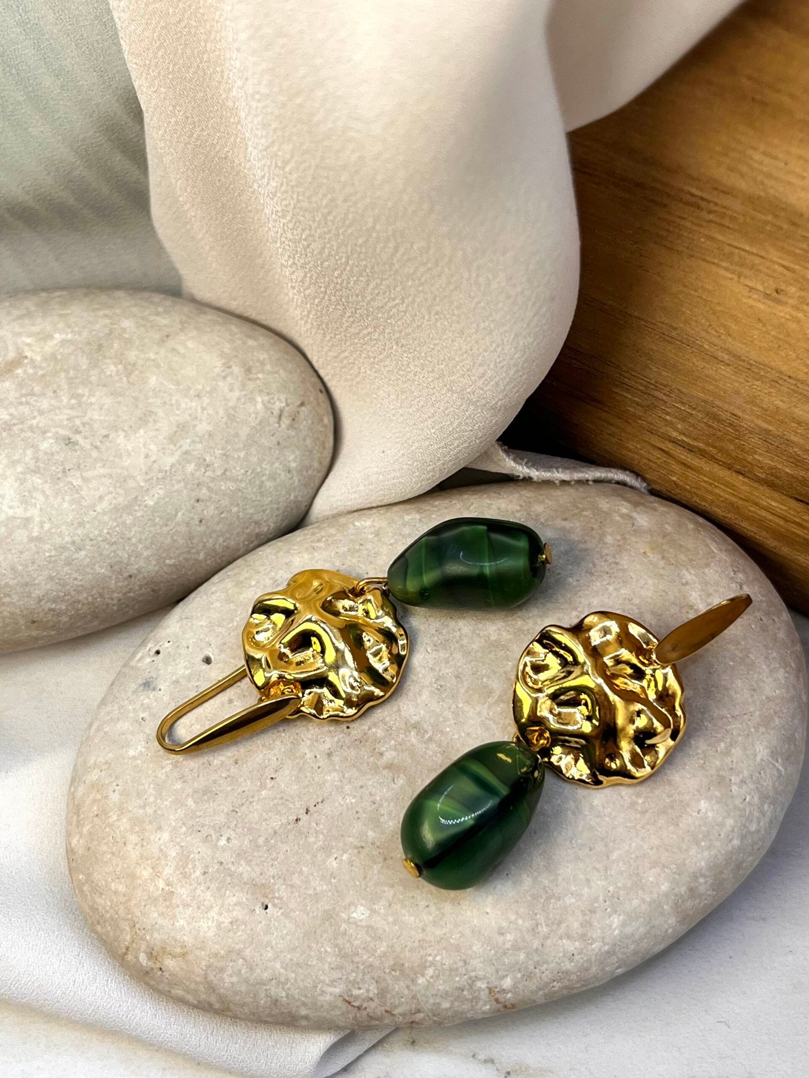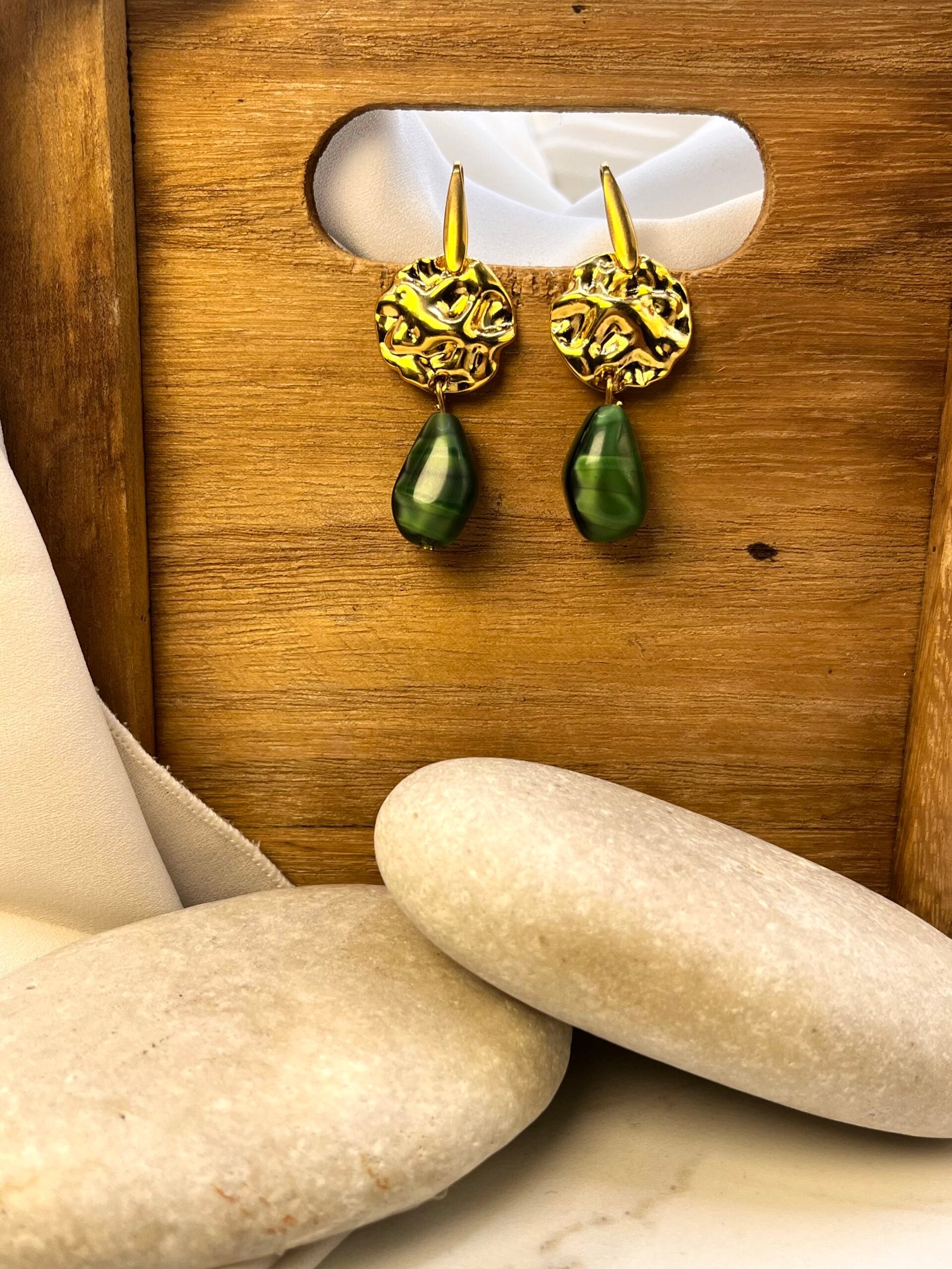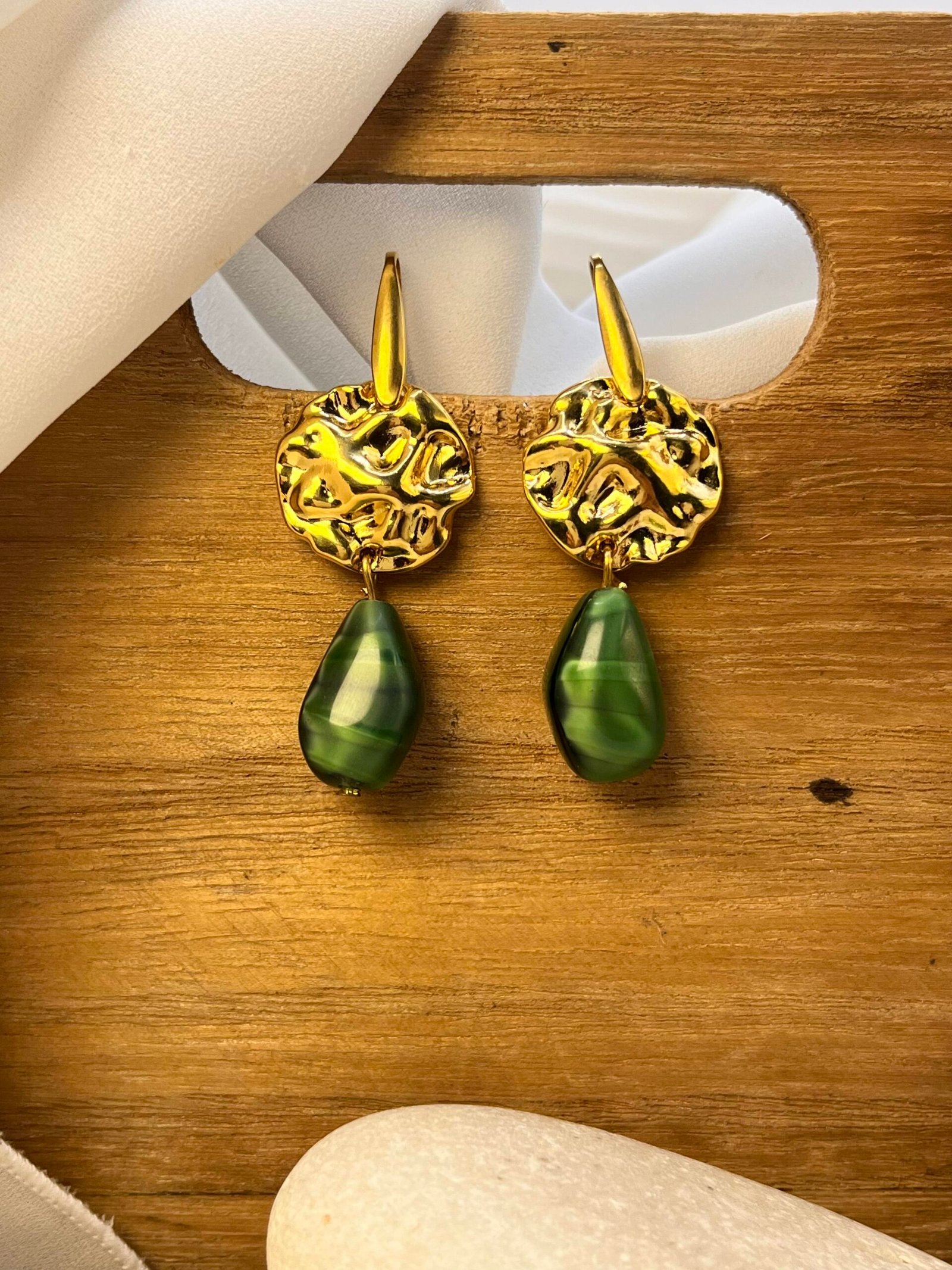 Κρεμαστό σκουλαρίκι με επάργυρο ή επίχρυσο στοιχείο και πράσινο κρύσταλλο με λεπτομέρειες στην απόχρωση. Ο γάντζος είναι ατσάλινος.
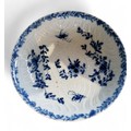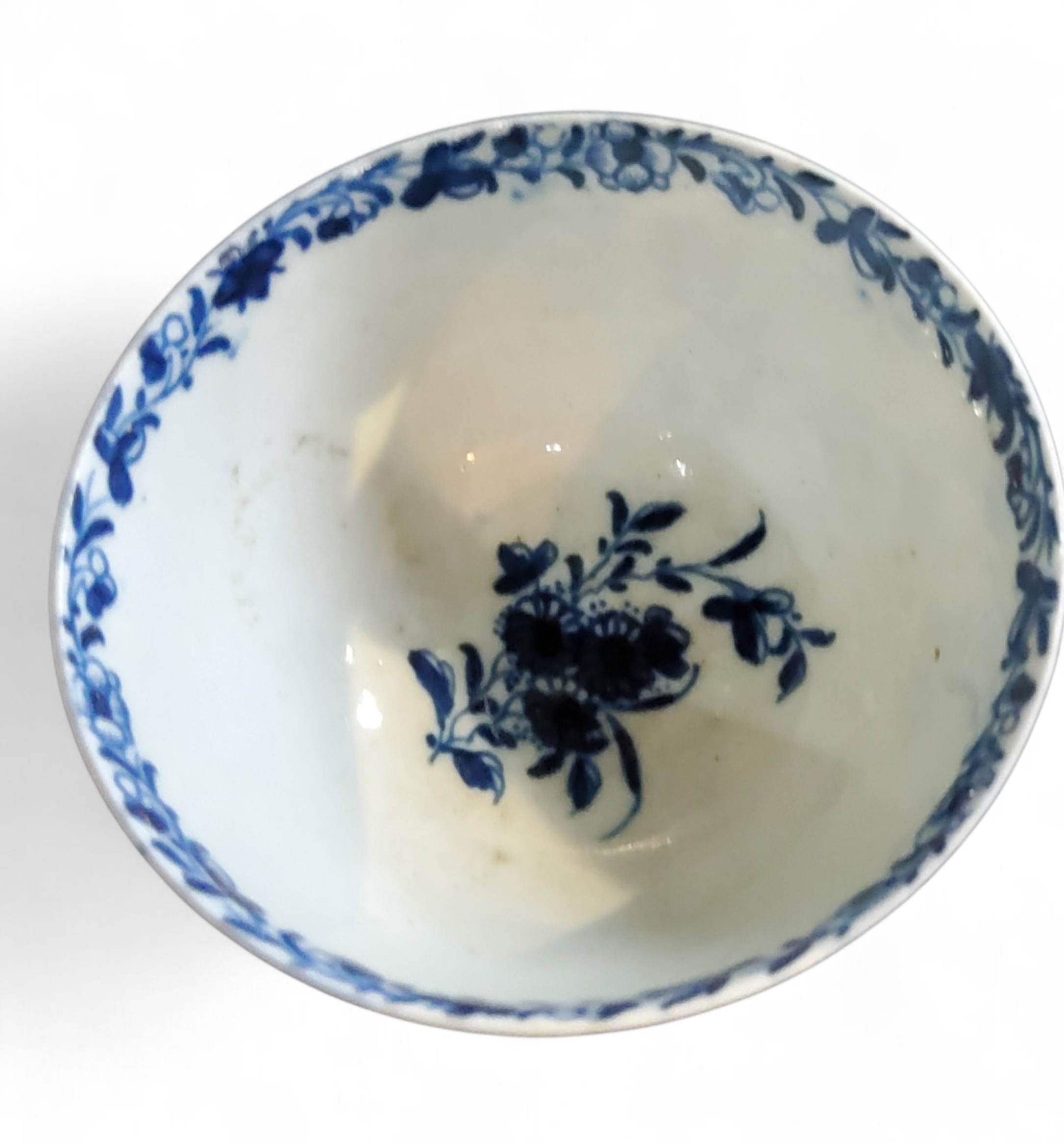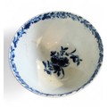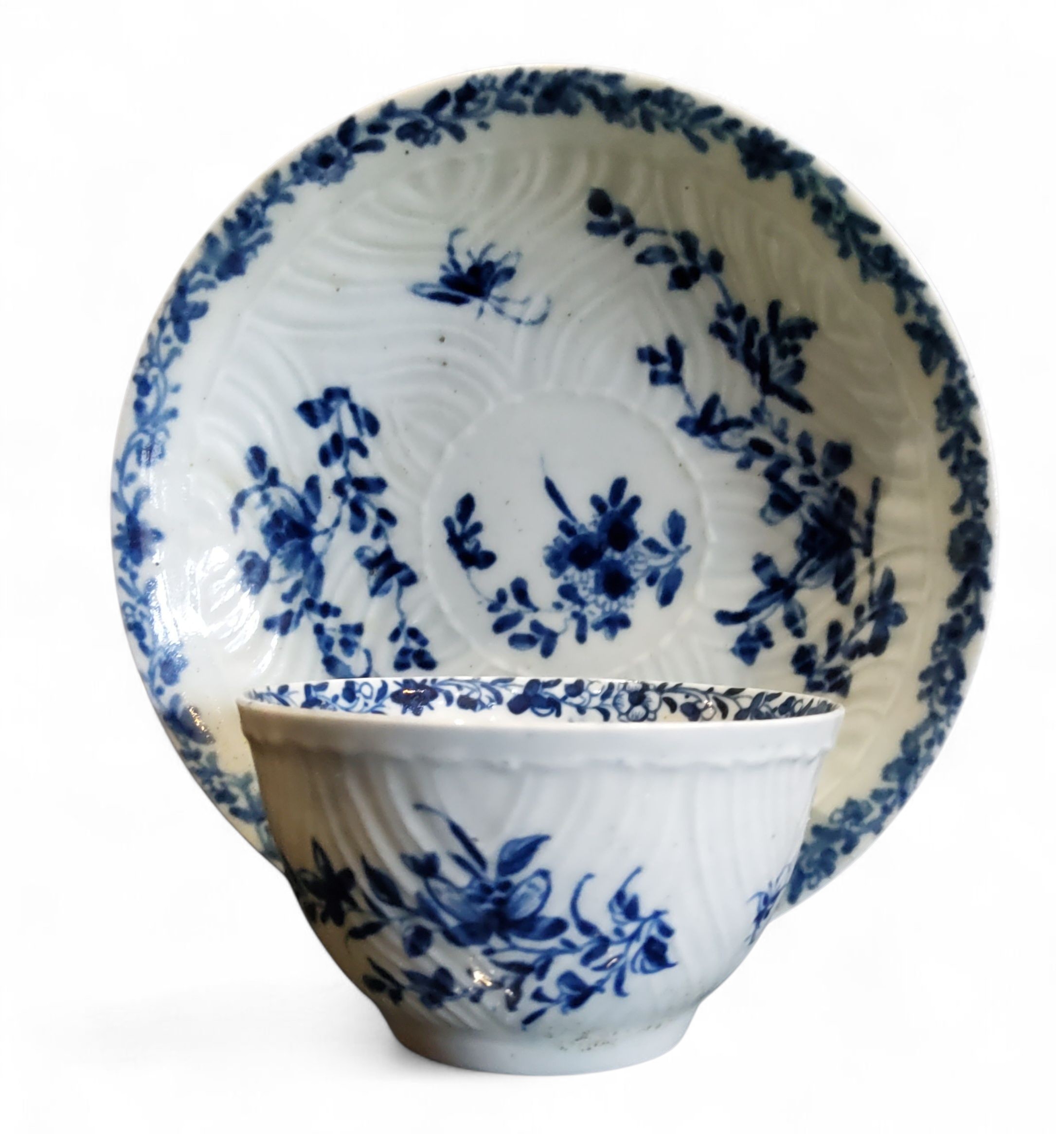 A Worcester Feather Moulded Floral pattern tea bowl and saucer, painted in cobalt blue with trailing foliage and insects, banded floral scroll border, workman's mark, c.1757
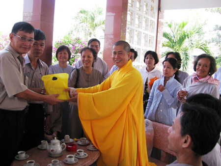 Nhân dịp này, đoàn chùa Dược Sư gửi tặng 22 phần quà cho cán bộ và công nhân viên trong Ban Quản Trang, mỗi phần trị giá 200.000 đồng.
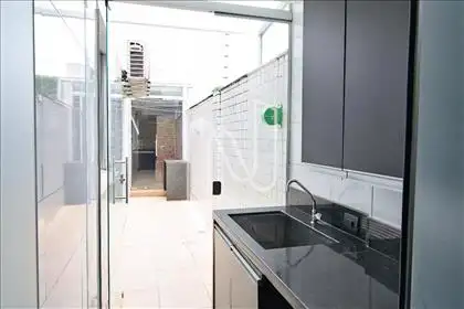 A sala ampla para 3 ambientes, com painel planejado, lustre e varanda com pergolado de vidro, integra-se perfeitamente à cozinha americana montada com armários, coifa e forno embutidos. Conta ainda com escritório planejado, lavanderia e dependência completa de empregada.
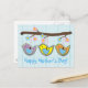 Cartaz de Dia de as mães azul de passarinho grávida bonito. Um design bonito de três pássaros adoráveis, pendurados em um galho, com pássaros azuis menores dentro suas barrigas sobre fundo xadrez azul. Excelente como presente de Dia das Mães. Você pode excluir ou alterar texto se desejar. Basta clicar em "Personalizar" à direita.
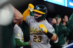 Langeliers, who homered twice in Friday’s season-opening loss, went 2 for 4 with a walk.
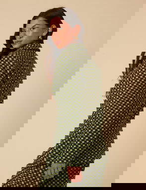 NC X Lisou Black And Lime Green Jacquard Checkerboard Fitted Blazer
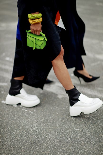 Класичними, та не менш актуальними залишаються моделі чорного та білого кольорів. Такі аксесуари максимально функціональні, адже носити їх можна як у однотонному total look, так і, наприклад, з яскравими сукнями. Робіть ставку на небанальні геометричні форми та декорування, а віднайти натхнення на нову стилізацію допоможуть модні виходи streetstyle-героїнь.

-*-

Give back the whole listing as it stands, minus its pictures.

 Κρεμαστό σκουλαρίκι με επάργυρο ή επίχρυσο στοιχείο και πράσινο κρύσταλλο με λεπτομέρειες στην απόχρωση. Ο γάντζος είναι ατσάλινος.
 A Worcester Feather Moulded Floral pattern tea bowl and saucer, painted in cobalt blue with trailing foliage and insects, banded floral scroll border, workman's mark, c.1757
 Nhân dịp này, đoàn chùa Dược Sư gửi tặng 22 phần quà cho cán bộ và công nhân viên trong Ban Quản Trang, mỗi phần trị giá 200.000 đồng.
 A sala ampla para 3 ambientes, com painel planejado, lustre e varanda com pergolado de vidro, integra-se perfeitamente à cozinha americana montada com armários, coifa e forno embutidos. Conta ainda com escritório planejado, lavanderia e dependência completa de empregada.
 Cartaz de Dia de as mães azul de passarinho grávida bonito. Um design bonito de três pássaros adoráveis, pendurados em um galho, com pássaros azuis menores dentro suas barrigas sobre fundo xadrez azul. Excelente como presente de Dia das Mães. Você pode excluir ou alterar texto se desejar. Basta clicar em "Personalizar" à direita.
 Langeliers, who homered twice in Friday’s season-opening loss, went 2 for 4 with a walk.
 NC X Lisou Black And Lime Green Jacquard Checkerboard Fitted Blazer
 Класичними, та не менш актуальними залишаються моделі чорного та білого кольорів. Такі аксесуари максимально функціональні, адже носити їх можна як у однотонному total look, так і, наприклад, з яскравими сукнями. Робіть ставку на небанальні геометричні форми та декорування, а віднайти натхнення на нову стилізацію допоможуть модні виходи streetstyle-героїнь.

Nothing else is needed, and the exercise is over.